What is 'Harmonized Sales Tax (HST)'

The Harmonized Sales Tax (HST) is a combination of the Canadian Goods and Services Tax (GST) and Provincial Sales Tax (PST) that is applied to taxable goods and services. By fusing sales tax at the federal level with sales tax at the provincial level, the participating provinces harmonized both taxes into a single federal-provincial sales tax.

BREAKING DOWN 'Harmonized Sales Tax (HST)'

HST is a consumption tax paid by the consumer at the point of sale (POS). The vendor or seller collects the tax proceeds from consumers by adding the HST rate to the cost of goods and services. They then remit the total collected tax to the government at the end of the year.

The Harmonized Sales Tax (HST) was implemented by several provinces in Canada to build a more efficient tax system which would improve the competitiveness of businesses in the participating areas.

The provinces of New Brunswick, Nova Scotia, and Newfoundland and Labrador applied the HST in 1997. On July 1, 2010, the provinces of Ontario and British Columbia (BC) joined the program. However, three years later, BC exited the HST program and reinstated its Provincial Sales Tax (PST) system after an estimated 55% of the province’s residents voted to end the HST. In 2013, Prince Edward Island joined the participating regions and replaced its Provincial Sales Tax (PST)with the Harmonized Sales Tax (HST).

The administration and collection of HST are by the Canada Revenue Agency (CRA) which is the tax division of the federal government. Sellers and vendors are usually responsible for receiving the tax from consumers and forwarding it to the CRA annually or semi-annually. The CRA allocates the provincial portion of the HST to the respective provincial government. The CRA does not collect provincial sales taxes.

Provincial Differences

Not all provinces are keen on applying the HST into their tax system, and these non-participating states still employ the Goods and Services Tax (GST) or the Provincial Sales Tax (PST) separately. As of 2017, British Columbia (BC) and Saskatchewan use the PST system in addition to a separate GST. Quebec and Manitoba also use the same system as BC and Saskatchewan, only that the provincial sales tax in both provinces is called Quebec Sales Tax (QST) and Retail Sales Tax (RST), respectively. 

Residents living in these four provinces would be subject to the federal GST and provincial tax on their purchases. For example, Saskatchewan has a provincial sales tax rate of 6%. A consumer who purchases, say a computer, for $1,000 in BC would have a total bill of $1,000 + (PST 6% x $1,000) + (GST 5% x $1,000) = $1,110.

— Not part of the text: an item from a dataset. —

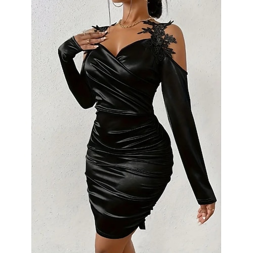 San Valentino Per donna Mini Abito Tubino Abito a spalle scoperte Elegante Festa cocktail All'aperto Feste Ospite di nozze Vestibilità regolare Tinta unica Manica Lunga Spallina Nero Rosso Beige

Several provinces only apply the Federal GST on taxable goods and services. The provinces of Alberta, Northwest Territories (NWT), Nunavut, and Yukon do not have any provincial sales taxes, meaning that a consumer is only taxed 5% GST on his or her purchases.

The table below shows the sales tax applied in each of the Canadian provinces:

The sales tax system in each Canadian province

Registering and Collecting Harmonized Sales Tax (HST)

It is the responsibility of Canadian business owners to collect and remit HST. To start raising the sales tax, the business operator must register for a GST/HST account through the CRA or Revenu Québec (if a resident of Quebec), provided that the business makes $30,000 or more per year in total revenue. Business owners with firms earning less than $30,000 can still voluntarily register as they may want to claim input tax credits on the goods and services that they purchase in the course of running the business.

While many retail goods and services are subject to HST, some are zero-rated or tax exempt. A zero-rated commodity or service is one that has an HST tax rate of 0%. These include products like basic groceries, prescription drugs, and many agricultural and fishery goods. A tax-exempt commodity or service is exempt from the sales tax. Examples of tax-free services include childcare, dental services, and medical and healthcare. A consumer can claim input tax credits for zero-rated products, but not for tax-exempt services.

Customers outside of Canada purchasing products from Canada do not have to pay HST provided that the goods or services purchased will be solely used outside of the country. However, non-residents in Canada, such as tourists, are required to pay HST, and in some cases, may qualify for an HST rebate.

An inter-provincial business transaction will administer the sales tax that is exercised in the purchaser’s province. A supply of taxable goods to a participating region is subject to the HST, while supply to a non-participating region is subject to the GST. This rule is known as the Place of Supply Rule. For example, a business owner in British Columbia who sells goods delivered to Ontario must collect 13% HST. On the other hand, if the roles were reversed, the Ontario business vendor must only charge the 5% GST (without the PST) if s/he sells and delivers goods to BC.

Effect on Taxpayers

There is still a constant debate as to how the HST impacts consumers and taxpayers. Critics claim that the HST translates into a shift of the tax burden from businesses to consumers which will lead to higher costs of consumer goods. This higher cost would, in turn, lead to a decline in the real income of consumers. Proponents of HST continue to oppose these views stating that the HST would create tax savings for participating provinces and residents. They claim that implementing the HST system will reduce the cost of doing business, which in effect, would translate into lower prices of consumer goods and services.